Section 10.2: Errors in Hypothesis Testing

• Test Procedure – the method we use to determine whether H0 should be rejected.

• Type 1 Error: the error of rejecting H0 when H0 is true

• Type 2 Error: the error of failing to reject H0 when H0 is false

Example

• The U.S. Department of Transportation reported that during a recent period, 77% of all domestic passenger flights arrived on time (meaning within 15 minutes of the scheduled arrival). Suppose that an airline with a poor on-time record decides to offer its employees a bonus if, in an upcoming month, the airline’s proportion of on-time flights exceeds the overall industry rate of 0.77. Let π be the true proportion of the airline’s flights that are on time during the month of interest.
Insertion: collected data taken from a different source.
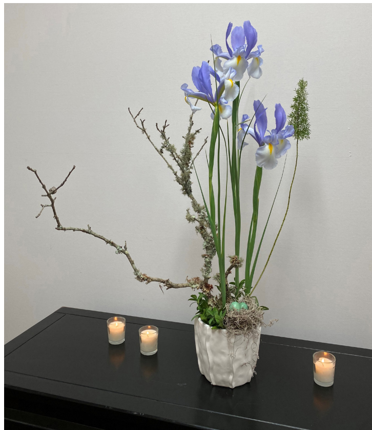
Asian-inspired table centerpiece.

We made a small nest of Spanish moss ( Tillandsia usenoides ) and anchored it into the floral foam using 20-gauge wire pins. A few artificial robin eggs complete the design's base. Three votive candles suggest this combination as a table centerpiece suitable for an after-6-o'clock event.
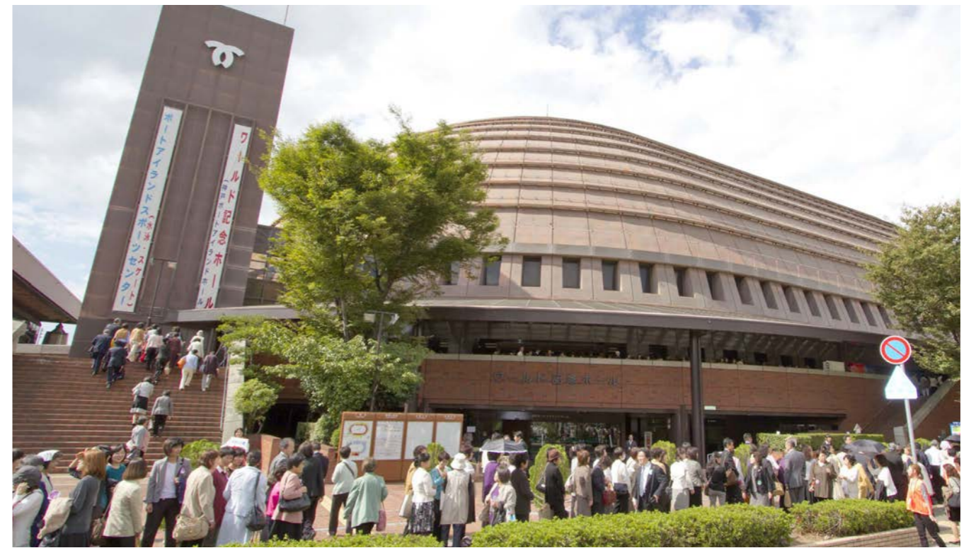
long lines of participants

True Mother emphasized that we should not forget the elder blessed families and those who had suffered and devoted themselves in the fields of the providence until the church has developed to this level today. She also pointed out that the special blessing was granted by True Parents to Japan so as to create an environment to take care of over 40,000 second
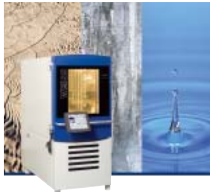
Temperature Test Chambers WT3 and Climate Test Chambers WK3
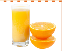
100% Fruit Juice
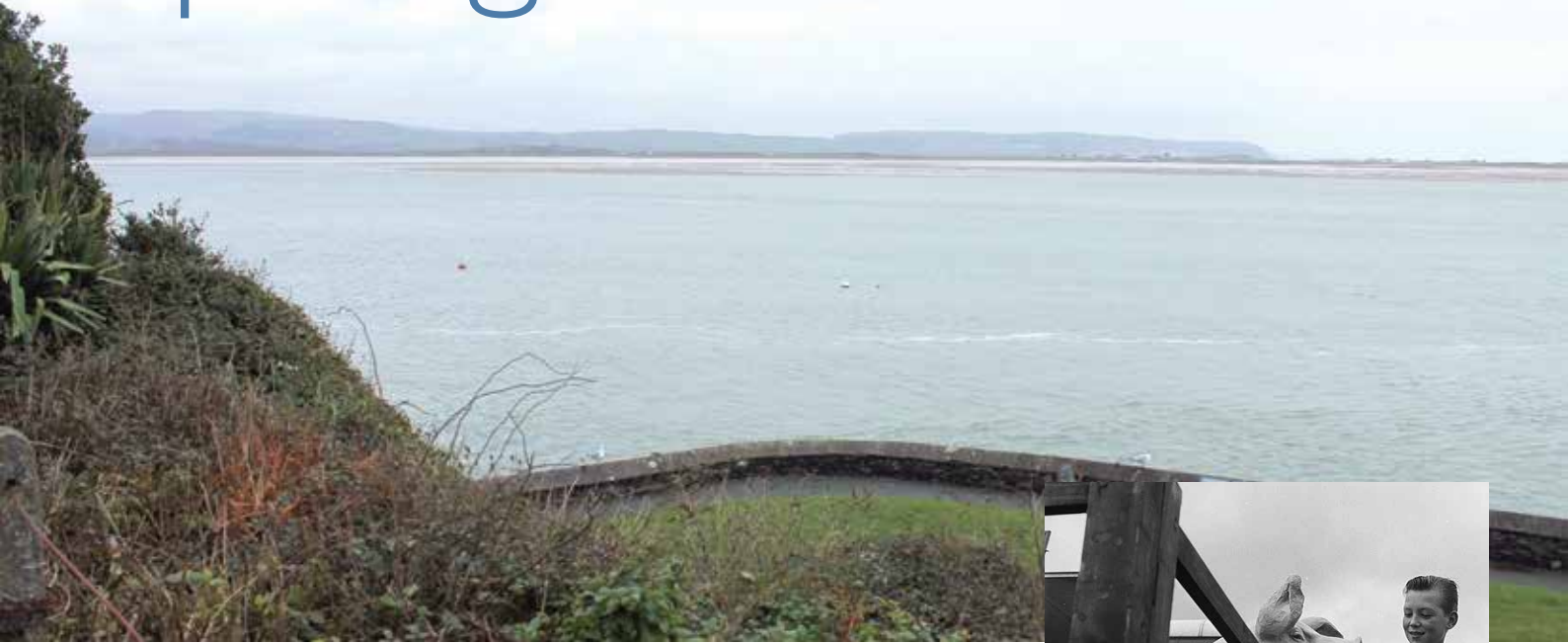
An image from the Living Paths! Llwybrau Byw! Project

It's been a very busy year in Wales with some great initiatives delivering significant benefits for open knowledge, particularly in the Welsh language.
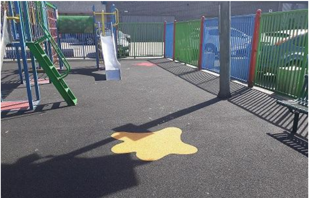
Upgrade works to playground at Liberty House now complete.

• A random sample of flights might be selected and used as a basis for choosing between

H0: π = .77 and Ha: π > .77

In this context, a Type I error (rejecting a true H0) results in the airline rewarding its employees when in fact their true proportion of on-time flights did not exceed .77. A Type II error (not rejecting a false H0) results in the airline employees not receiving a reward that in fact they deserved.
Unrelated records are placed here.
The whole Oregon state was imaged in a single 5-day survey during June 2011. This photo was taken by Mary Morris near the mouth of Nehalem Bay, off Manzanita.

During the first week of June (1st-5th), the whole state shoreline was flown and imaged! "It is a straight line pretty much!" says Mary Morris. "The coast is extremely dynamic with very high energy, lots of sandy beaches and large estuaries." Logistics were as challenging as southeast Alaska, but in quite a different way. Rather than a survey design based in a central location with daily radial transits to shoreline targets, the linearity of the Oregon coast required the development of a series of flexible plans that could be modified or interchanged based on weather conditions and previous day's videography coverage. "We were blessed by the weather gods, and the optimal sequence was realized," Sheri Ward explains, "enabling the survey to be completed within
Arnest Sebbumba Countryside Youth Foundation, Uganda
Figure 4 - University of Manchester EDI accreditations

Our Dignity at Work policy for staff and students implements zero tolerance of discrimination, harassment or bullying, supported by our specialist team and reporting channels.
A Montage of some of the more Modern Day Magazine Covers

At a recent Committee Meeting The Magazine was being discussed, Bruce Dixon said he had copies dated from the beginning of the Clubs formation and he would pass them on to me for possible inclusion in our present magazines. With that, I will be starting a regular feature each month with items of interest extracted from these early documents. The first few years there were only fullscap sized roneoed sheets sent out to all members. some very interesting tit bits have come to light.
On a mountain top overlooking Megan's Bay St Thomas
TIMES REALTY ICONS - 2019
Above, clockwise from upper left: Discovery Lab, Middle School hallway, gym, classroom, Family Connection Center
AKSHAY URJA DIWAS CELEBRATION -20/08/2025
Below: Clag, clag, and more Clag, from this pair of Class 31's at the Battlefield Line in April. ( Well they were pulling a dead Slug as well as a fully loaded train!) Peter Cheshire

• The probability of a Type I error is denoted by α and is called the level of significance of the test. Thus, a test with α = .01 is said to have a level of significance of .01 or to be a level .01 test.

• The probability of a Type II error is denoted by β.

Example

• Women with ovarian cancer are usually not diagnosed until the disease is in an advanced stage, when it is most difficult to treat. A new blood test has been developed that appears to be able to identify ovarian cancer at its earliest stages. In a report issued by the National Cancer Institute and the Food and Drug Administration the following information from a preliminary evaluation of the blood test was given:

• The test was given to 50 women known to have ovarian cancer, and it correctly identified all of them as having cancer.
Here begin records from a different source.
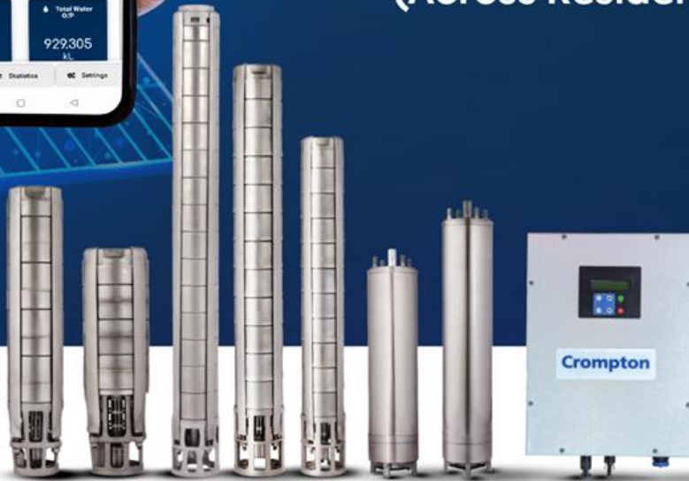
Range of Solar Pumps
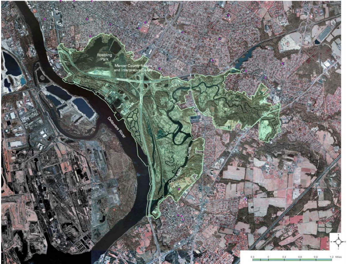
Map. 1. Extent of the Hamilton – Trenton – Bordentown Marsh is shown in green over an aerial photograph. In addition to wetland areas, uplands in public ownership are also included. (As of 2009, prepared by Herb Lord).
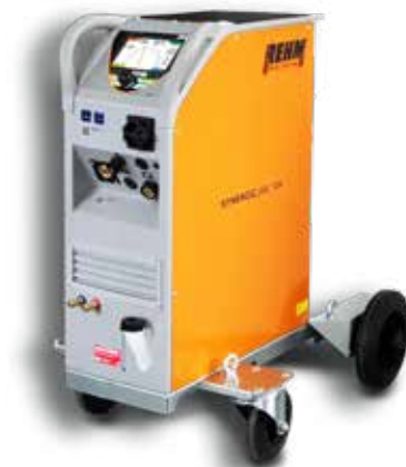
SYNERGIC.ARC 304-504 W
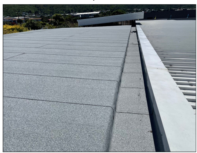
SOPREMA DuO Capsheet Grey/White Installation
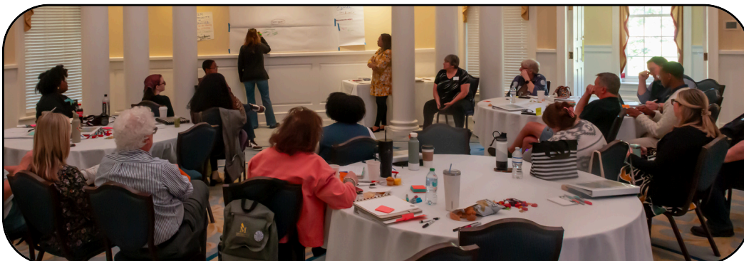
Ripple Effects Mapping Training Event 2025

Article on REM: https://nifi.org/tracing-ripples-strengthening-networks-how-ripple-effects-mapping-builds-community-through-storytelling/

• The test was given to 66 women known not to have ovarian cancer, and it correctly identified 63 of these 66 as being cancer free.

• We can think of using this blood test to choose between two hypotheses:

H0: woman has ovarian cancer

Ha: woman does not have ovarian cancer

• In this situation, believing that a woman with ovarian cancer is cancer free would be a Type I error – rejecting the hypothesis of ovarian cancer when it is, in fact, true.

• Believing that a woman who is actually cancer free does have ovarian cancer is a Type II error – not rejecting the null hypothesis when it is, in fact, false.

• We can estimate the error of probabilities.

• The probability of a Type I error α is approximately 0/50 = 0.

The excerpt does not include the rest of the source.